Using parallelization can help, so be sure to set BPPARAM if using scater's runUMAP
. It still takes a while though. I agree with ATpoint in that I tend to prefer greater spread than the defaults, though I have have never gone up to min.dist
of 0.75. Here's a function I use to generate a whole bunch of them, which I then viz and pretty arbitrarily pick whichever one best balances global/local structure for my needs:
library(SingleCellExperiment)
library(scater)
library(BiocParallel)
umap_sweep <- function(sce, dim_reduc,
min_dist = c(0.01, 0.02, 0.05, 0.1, 0.2, 0.3),
n_neighbors = c(10, 15, 20, 30, 40, 50),
spread = c(0.8, 1, 1.2),
BPPARAM = BiocParallel::bpparam()
) {
for (d in min_dist) {
for (n in n_neighbors) {
for (sp in spread) {
message("Running UMAP with min_dist = ", d, ", n_neighbors = ", n, ", spread = ", sp)
sce <- runUMAP(sce, n_neighbors = n, min_dist = d, spread = sp,
name = paste0("UMAP_m.dist", d, "_n.neigh", n, "_spread", sp),
dimred = dim_reduc, ncomponents = 2, BPPARAM = BPPARAM)
}
}
}
return(sce)
}
sce <- umap_sweep(sce, dim_reduc = "PCA")
Generally, I never find those with min.dist
< 0.1 to be what I'm looking for, so feel free to adjust the defaults/inputs here to play with things more (or limit them so things run faster). n_neighbors
also has a relatively limited impact in comparison to the other parameters.
Not that I am aware of.
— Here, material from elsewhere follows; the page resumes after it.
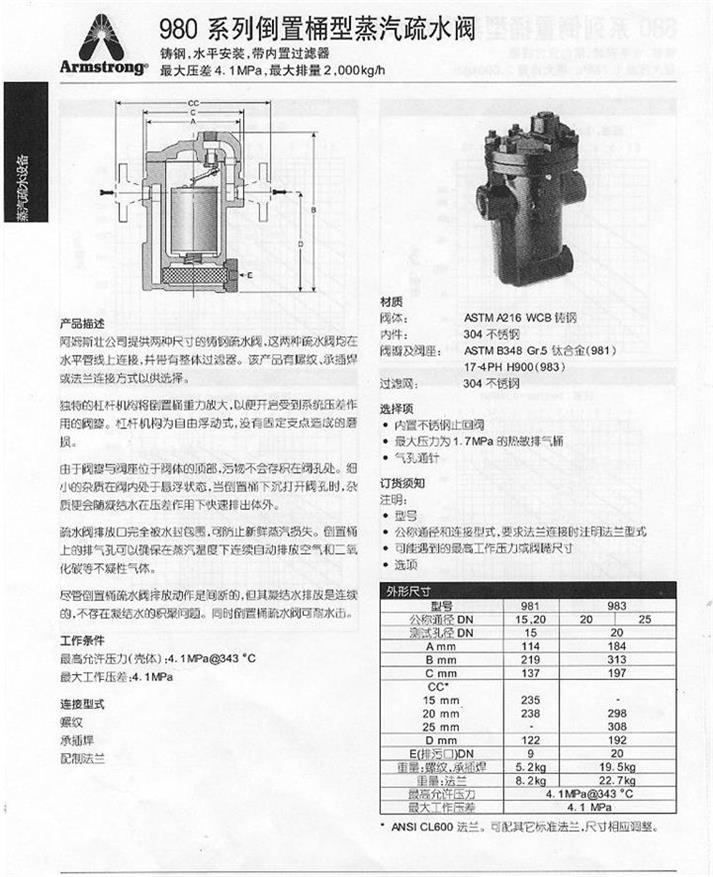 美国阿姆斯壮倒吊桶蒸汽疏水阀原装进口,阿姆斯壮980疏水阀厂家直销
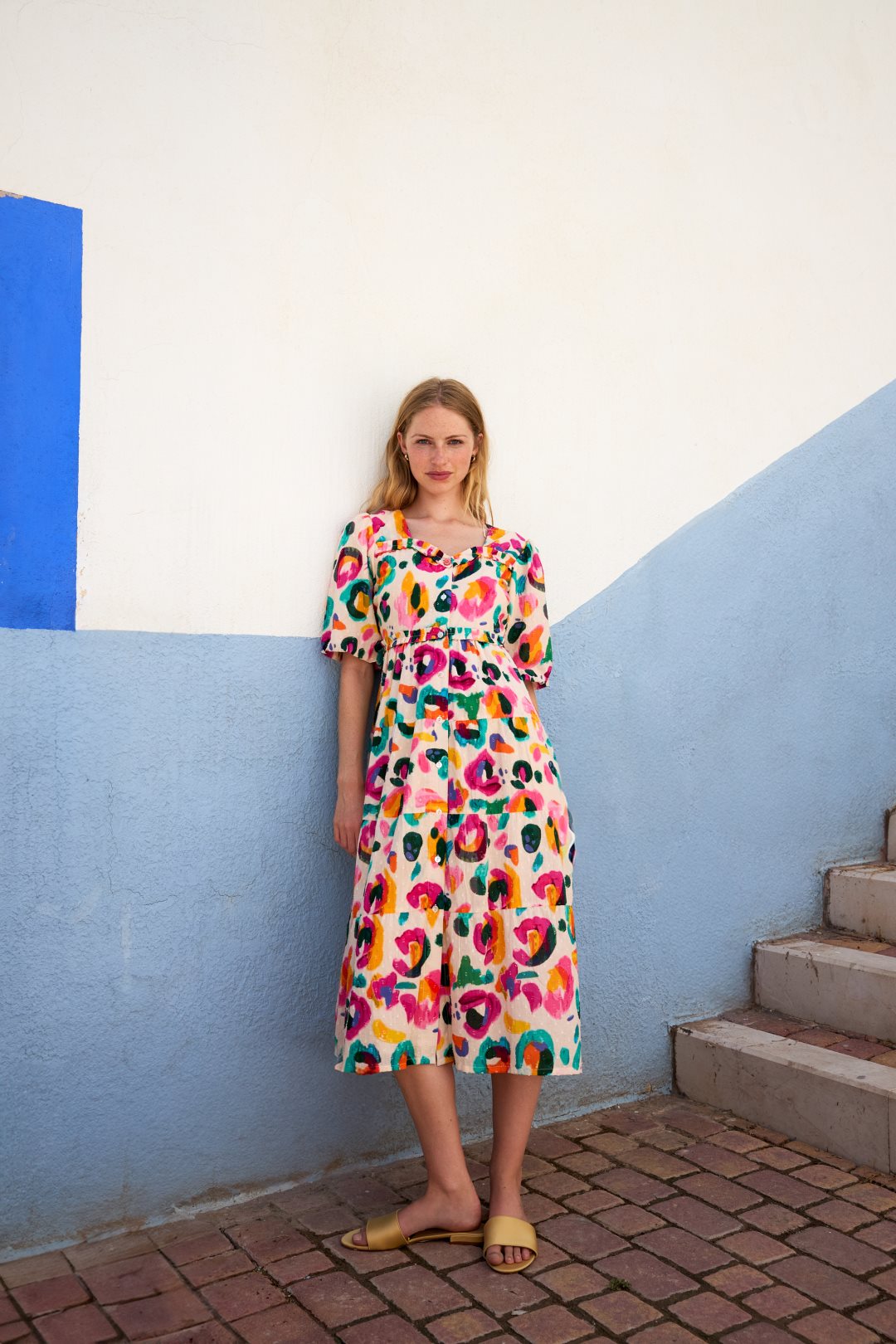 Embrace the summer with this short viscose dress, a lightweight and comfortable piece perfect for hot days. The palm print adds a modern tropical touch, while the short sleeves and V-neckline offer a fresh and flattering silhouette. The adjustable waist with a drawstring allows for a personalized fit, ensuring comfort and style all day long. Perfect for outdoor strolls, casual dinners, or any summer occasion, this dress is a versatile option that pairs beautifully with sandals or sneakers.

Most of the time UMAP is just visualization. Personally, I prefer to have points scattered out rather than bunched up, and I go well with spread and min.dist of 0.75. Rest (referring to uwot::umap and scater::runUMAP in R) I leave at default.
That entirely depends on the dataset and the message you want to send as well as the narrative of the story.
Thanks ATpoint !